バンクーバー五輪
「期待の星」高木美帆を利用するJOC

 弱冠15歳で日の丸を背負うスピードスケートの高木美帆(1000m、1500m、団体競技のパシュートに出場予定)。スーパー中学生の人気ぶりに水を差すわけではないが、

「バンクーバーでは難しい。次のソチ五輪でメダルを目指すという段階です。もっと体を作って、経験を積む必要があります」

 というスポーツライター・折山淑美氏の見方は、大勢の専門家と一致する。

「スケート選手は左回りの周回練習を繰り返すため体に歪(ゆが)みが出ますが、彼女は若い上にサッカーやヒップホップダンスもしているので、体にクセがなく、伸びしろが大きい。しかし、現段階では入賞できて万々歳というレベル。今大会では他に注目すべき選手はたくさんいます。
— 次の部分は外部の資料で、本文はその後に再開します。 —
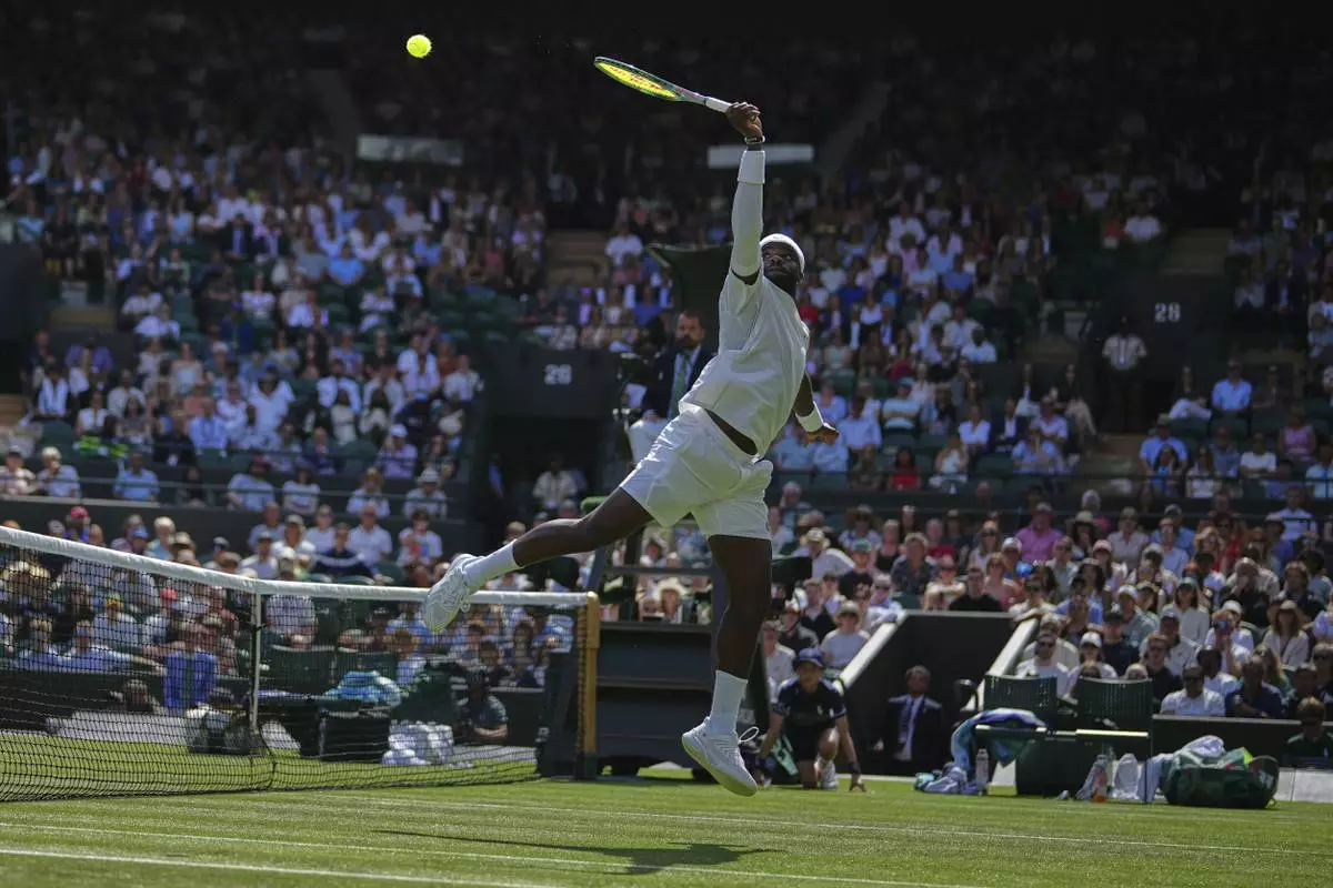 Frances Tiafoe of the U.S. plays a backhand overhead smash to Cameron Norrie of Britain during their second round men's singles match at the Wimbledon Tennis Championships in London, Wednesday, July 2, 2025. (AP Photo/Alastair Grant)

 それなのにマスコミが彼女に注目するのは、一つは花形のフィギュアで浅田真央の調子が芳しくなく、キム・ヨナの金メダルが濃厚で盛り上がりに欠けていること。もう一つはJOC(日本オリンピック委員会)による猛プッシュです。昨年、民主党政権の事業仕分けで大打撃を受けたJOCは、木を文字通り"金の卵"に育てようとしているんです」(別のスポーツライター)

 JOCは昨年、行政刷新会議の事業仕分けで約59億円の予算縮減を決定された。選手強化のための国庫補助金約27億円も含まれていたため、文部科学省を通じて抗議したが、結果的には退けられた経緯がある。

 前出のスポーツライターが解説する。

「若手選手が台頭して人気が出れば、世論の後押しで予算が付きやすくなります。報道陣の質問に率直に答える木は、JOCにとって極めて利用価値の高い選手で、現地ではスタッフがマスコミ対応の仕方を丁寧に教えています。橋本聖子選手団団長が直々に激励するなど、宣伝活動にも余念がありません」

 あどけない顔をピンクに染めて滑走する姿に多くの人が心を揺さぶられるが、

「JOCが彼女に期待するのは当然ですが、もう少しノビノビ滑らせてあげたいですね」(前出・折山氏)

 スピードを競う競技だからこそ、余計な"重荷"は背負わせたくない。